Parsons was recommended by Burnham for the position, who at that time was practicing architecture in New York City, having recently graduated from École des Beaux-Arts, Paris. Parsons arrived at Manila in November 1905, tasked to "interpret" the preliminary plans prepared by Burnham and Anderson for Manila and Baguio, and modify these as needed. Parsons also prepared his own preliminary city plans for Cebu City in 1912, in line with the City Beautiful movement. In this plan the Cebu Provincial Capitol was conceptualized to be positioned at the northern end of Jones Avenue (now Osmeña Boulevard). Parsons would also supervise plans for building projects for the Bureau of Public Works. Several public buildings and parks designed by Parsons are a hybrid of colonial architecture and that of the Philippines, which is a tropical country.

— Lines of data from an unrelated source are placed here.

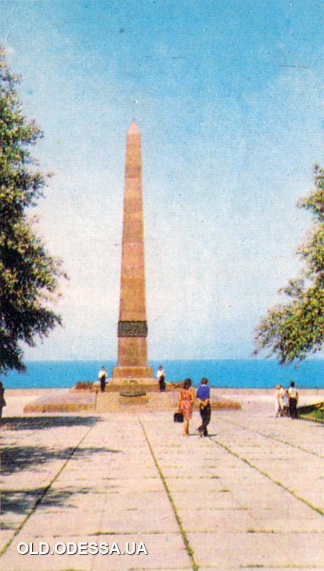 Памятник-обелиск Неизвестному Матросу на аллее Славы. Открытка из комплекта «Одесса», 1981 г.
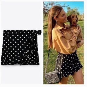 Zara Polka Dot Skort in black and white. Shorts with a wrap style skirt front that ties on the side. Zipper back. In great condition, Size XS
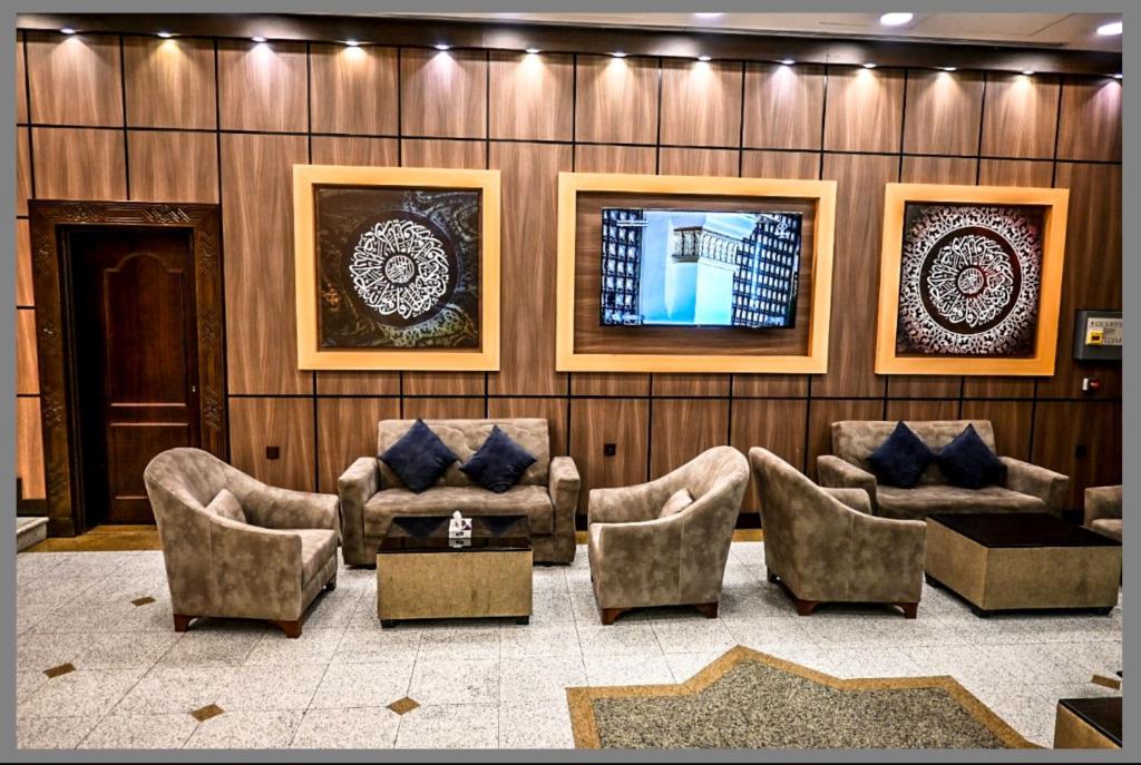 مناطق جلوس مريحة في بهو الفندق للاستراحة أو استقبال الزوار.
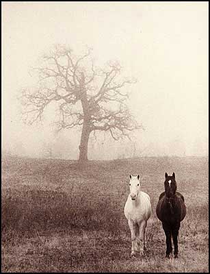 These two horses had been standing beneath the tree in the background when I called to them from the barbed wire fence that ran along the highway near Bastrop, Texas, one foggy morning. They approached me, out of curiosity, it seemed, then posed for this photo. |
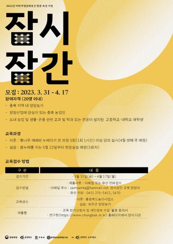 교육생 모집인원 20명으로 오는 17일까지 양잠산업에 관심이 있는 충북 농업인이나 도내 농업 및 생물·곤충 관련 교과 및 학과(전공) 학교 재학생은 충청북도문화재연구원에 신청하면 된다.
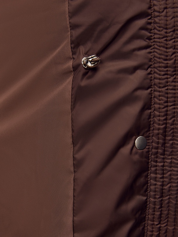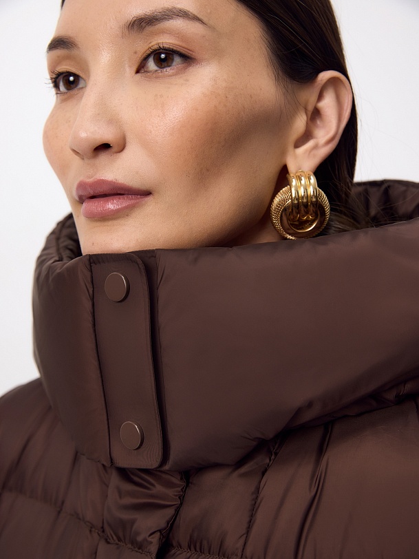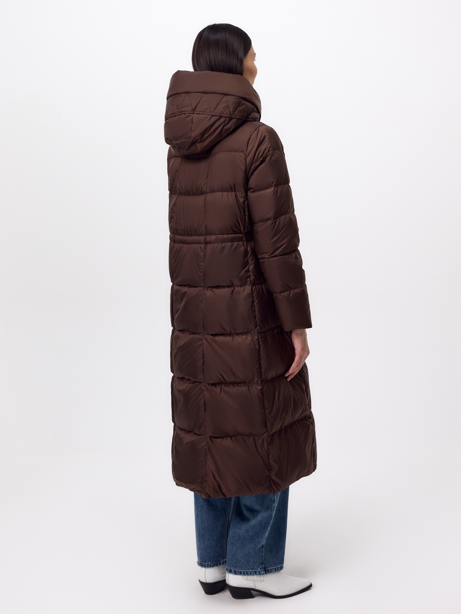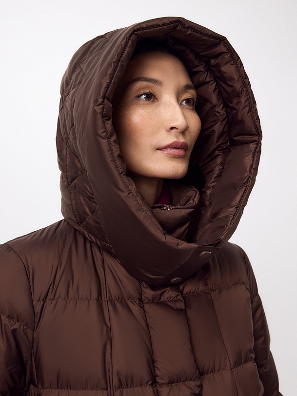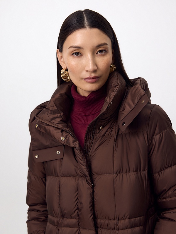 Длинное зимнее пальто в классическом шоколадном оттенке из плащевой ткани с водооотталкивающим покрытием с натуральным утеплителем пух/перо. Пальто полуприлегающего силуэта, с широкой расклешенной нижней частью. Втачной рукав с дополнительной манжетой на резинке по низу и высокий воротник-стойка с глубоким капюшоном надежно защищают от холода и ветра. По бокам расположены вместительные карманы, талия регулируется при помощи внутренней кулиски лучшего тепла. Внутри пальто имеется дополнительная подкладка для защиты от истирания.
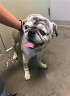 Mister Rogers is approximately a 13`0o year old, male pug. Completely blind & deaf. Previous ruptured left eye. Possible nuerologic issue affecting his walking, may get worse as he ages. Unable to control bladder or bowels. Can be very sweet. Will obviously need some extra care. He is a little underweight for his size, so at this time we are working on his weight gain & muscles. Information to come as we learn more about this determined little fellow. He has a few vet visits coming up, info to follow. Update: He's made great improvement, is off medical hold & ready for adoption. Not recommended for a home with small children. |
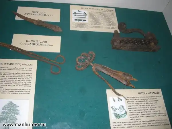Щипцы и клещи использовались при "пытке каленым железом". Такая пытка являлась либо заключительным испытанием, с помощью которого "затверждали" полученные ранее показания, либо, если нужные показания еще не были получены, становились самостоятельной, особо тяжелой мукой. В последнем случае "жечь огнем" могли многократно: раскаленными до красна клещами ломали ребра пытаемого. Тогда жизни жертвы угрожала смертельная опасность. Небезынтересно отметить, что на Руси раскаленные клещи не применялись для пыток женщин и детей.
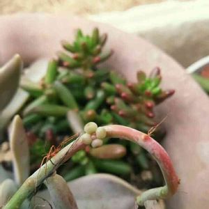 🎄本日のpickup❣️🎄 今日は朝からずっと雨☔️ 多肉ちゃん達もお日様が無くて残念そうです😅 我が家で1番暴れん坊の【朧月】さん。 暴れまくっているだけかと思っていたらピンクの可愛い赤ちゃんが顔を出してきました😍 折れちゃった所から2箇所も❣️ やはり【朧月】は強いコでした(๑>◡<๑)
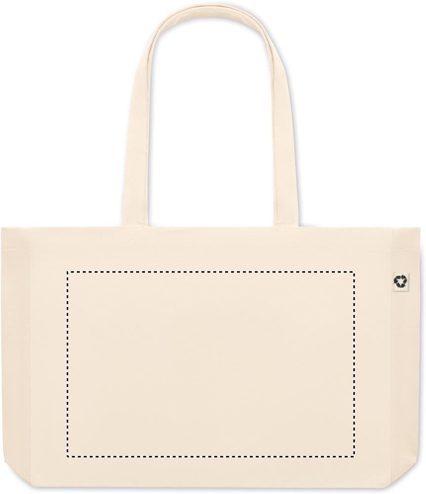 280 gr/m² kierrätetty canvas kassi, pitkillä kahvoilla ja pohja levikkeellä. Tuote on valmistettu 50% puuvillasta ja 50% kierrätetystä puuvillasta.
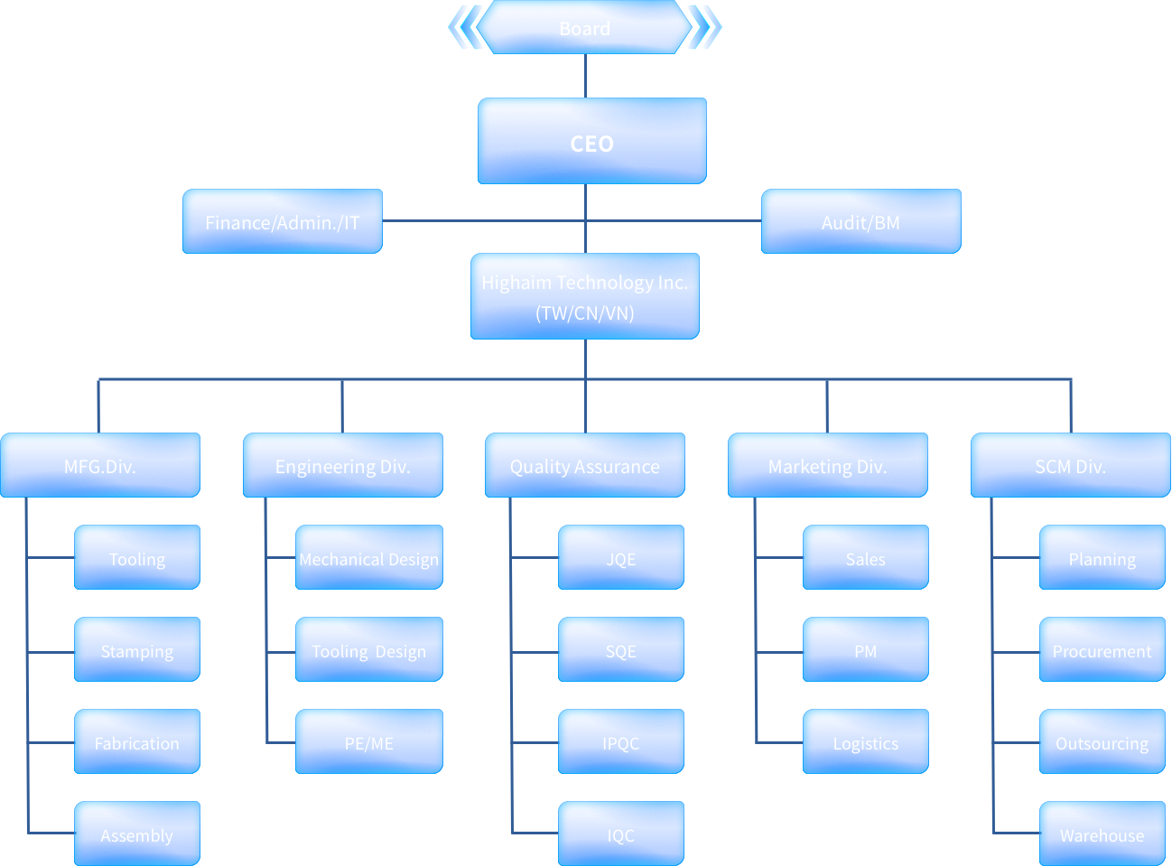 本公司依據多年服務於國內外客戶經驗,建立完整組織架構,各部門具備專業背景人員與團隊,以品質優先,
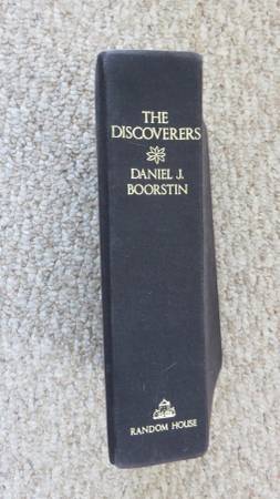 The Discoverers by Daniel Boorstin. Great book - Google it! Hardback. Some insignificant water marks at the top of very last pages and slight warping of covers, from a water spill. Perfectly readable . . . . . $4
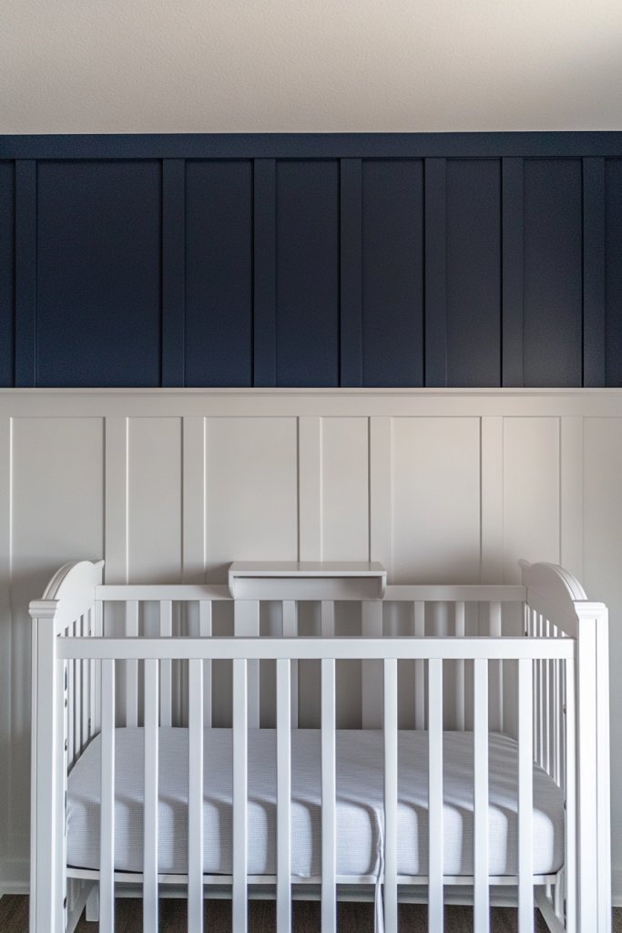 Looking to add some personality to your nursery without overwhelming the space? Two-tone board and batten is a fantastic way to make a statement while still keeping things cozy. The contrast between the crisp white battens and a bold upper wall color creates a striking visual impact. It’s perfect for parents who want a little drama with their charm.
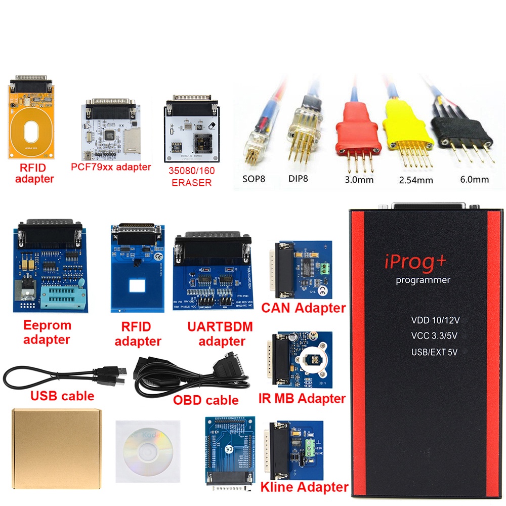 Programmateur V87 Iprog+ Pro version complète avec adaptateurs de sondes + adaptateur de carte SD IPROG Plus PCF79xx + adaptateur RDIF universel
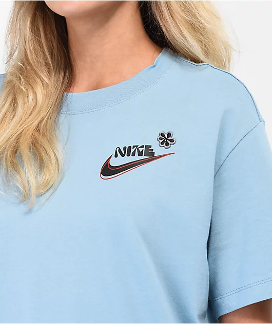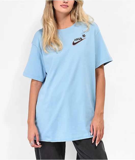 Coming in a worn blue colorway, the Fiber 2 t-shirt from Nike Sportswear features abstract floral imagery with Nike branding on the left chest and back. Made with sustainable algae-based inks, the Fiber 2 t-shirt has a loose drop-shoulder silhouette, and
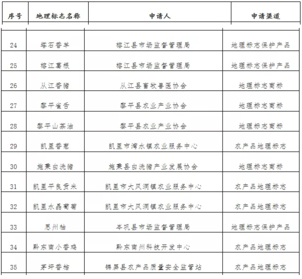 黔東南州地理標志獎勵名單
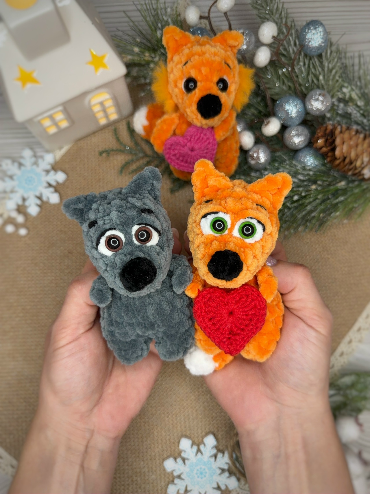 Размер игрушек при использовании указанных материалов примерно 11 см. Размер может отличаться в зависимости от пряжи, крючка, плотности и способа вашего вязания. В мк входит описание лисенка и волчонка.
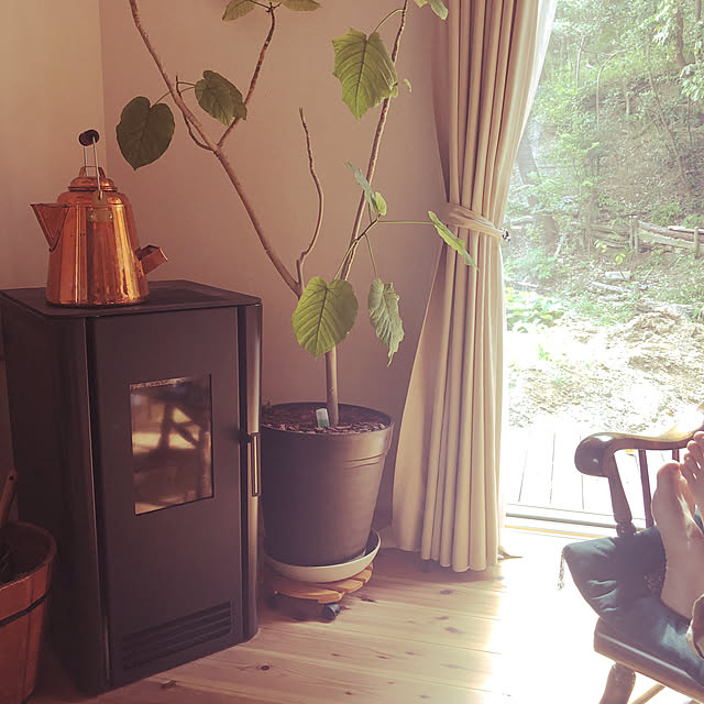 朝日が家の奥まで入るこの季節。 奥行きのある我が家には嬉しい季節♪ 新調したケトルも良い感じ♡ しっかり加湿してくれています。
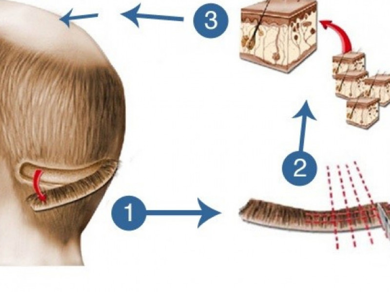 تتم هذه العملية من خلال أخذ شريحة من الجلد تحتوي على بصيلات الشعر من مؤخرة الرأس وزرعها في المنطقة الصلعاء ، وتُسمى تلك العملية أيضًا باسم ترقيع الشعر ، ويتم غلق المنطقة التي أُخذ منها الشعر عن طريق الغرز ، ولكن لن تكون ظاهر إلا إذا تم حلق مؤخرة الرأس.

Such designs also adopted the use of local material, such as hardwoods and capiz shells for window sash in place of glass to reduce sunlight glare (see Capiz-shell window).

Parsons also prepared the standardized plans of the Gabaldon school buildings, which were designed akin to templates with the intent of promoting efficiency in the planning process. These are school buildings constructed in the Philippines between 1907 and 1946 and named after the late assemblyman Isauro Gabaldon of Nueva Ecija, who authored the Gabaldon Act which appropriated P1 million for the construction of modern public schools nationwide.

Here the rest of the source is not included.